Ranking expenses and savings goals in order of priority may help in creating a cushion for unexpected financial challenges. skynesher/iStockPhoto / Getty Images

The standard advice in times of economic uncertainty is to build up your cash reserves and hold off on large unnecessary spending. Let me add to that something I’ve come to call “defensive budgeting.”

It’s the strategy I use to deal with how my family’s household income is frustratingly hard to predict. While I receive a steady paycheque, my husband works on contract in a creative field and notoriously volatile industry. And while the contracts keep coming, we know that there’s always the chance he’ll be off work for a few weeks or longer at some point in the year.

The possibility of a financial dry spell of indefinite length is something I’ve learned to build into how I manage our cash flow. With so many people worried about their job security in this economy, I thought I’d share my strategy.

Since my income is stable and more secure, most of our recurring, automatic payments – from mortgage and utility bills to subscriptions – come out of my account. We also share roughly equally routine spending on groceries, transportation, personal care and similar items. This leaves the rest of my husband’s income to cover the lion’s share of seasonal and one-off expenses and savings goals, as well as building up or replenishing our emergency funds.

In January, I typically list on a spreadsheet how much I estimate we’ll need for non-routine spending and savings throughout the year. Then, I rank those items in order of priority.

The first thing I typically set aside money for are our property taxes, an infrequent expense that doesn’t easily fit in my monthly bill-paying budget. It’s easier to save up for it in a few lump sums from my husband’s income, which I like to do a year in advance.

So for example, this spring we saved up for next year’s taxes. This is an extra financial buffer that gives me peace of mind. If we ever run into a long spell of unemployment, we have a long time to catch up.

Next up is usually saving up for our annual Christmas trip to Italy (where I’m from and my parents still live). I’ve learned the best fares are usually gone by the end of March so this is something we have to act on quickly.

That’s also, typically, when I pay for my kid’s summer camps (yes, this is a necessary expense, as we both work full-time and have no family nearby).

Then I typically rebuild or boost our rainy-day cash, as needed, top up our retirement accounts, and put $2,500 into my kid’s RESP.

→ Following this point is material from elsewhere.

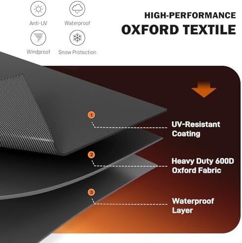 Air Vents and Secure: The 2 large vents are conducive to airflow and help reduce condensation inside the cover. The reinforced padded handle is easier to use. The built-in Elastic hem cord with toggles and 4 buckles is better to cover fit and fix on. It’s effective to face stormy weather and protect from being blown away.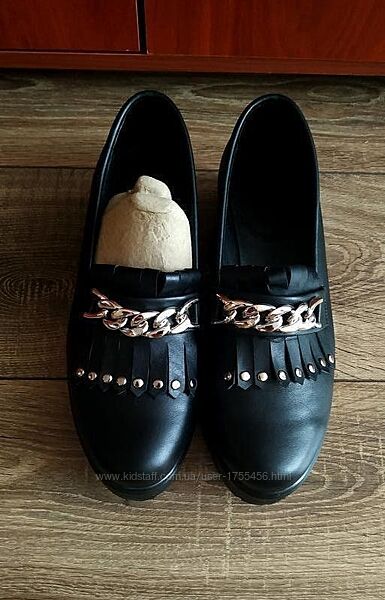 Новые кожаные лферы на толстой подошве /стильный дизайн

After that comes paying the cost of his after-school activities for the fall and winter, as well as putting money into our “car fund,” since we’ll likely need a new ride in five to six years.

Once the essentials are covered, I move on to our “second tier” retirement savings goal, putting more money in our TFSAs or RRSPs.

I also tweak the list regularly, as there are always necessary or time-sensitive bigger-ticket expenses that crop up unexpectedly. If all goes well, later in the year is when I get to the fun “extras,” such as an added vacation or new furniture.

Generally, I don’t worry about what the next year will look like, unless I have a reason to. It’s a psychological trick that allows me to indulge in some fun spending and fight my tendency to want to just keep saving for the next cycle of necessities.

The bottom line is that paying for irregular expenses months in advance and ranking expenses and savings goals in order of priority has helped us live with a fluctuating household income for years without upending our lifestyle or falling behind on long-term financial priorities. If you’re worried about losing your job, defensive budgeting might help you, too.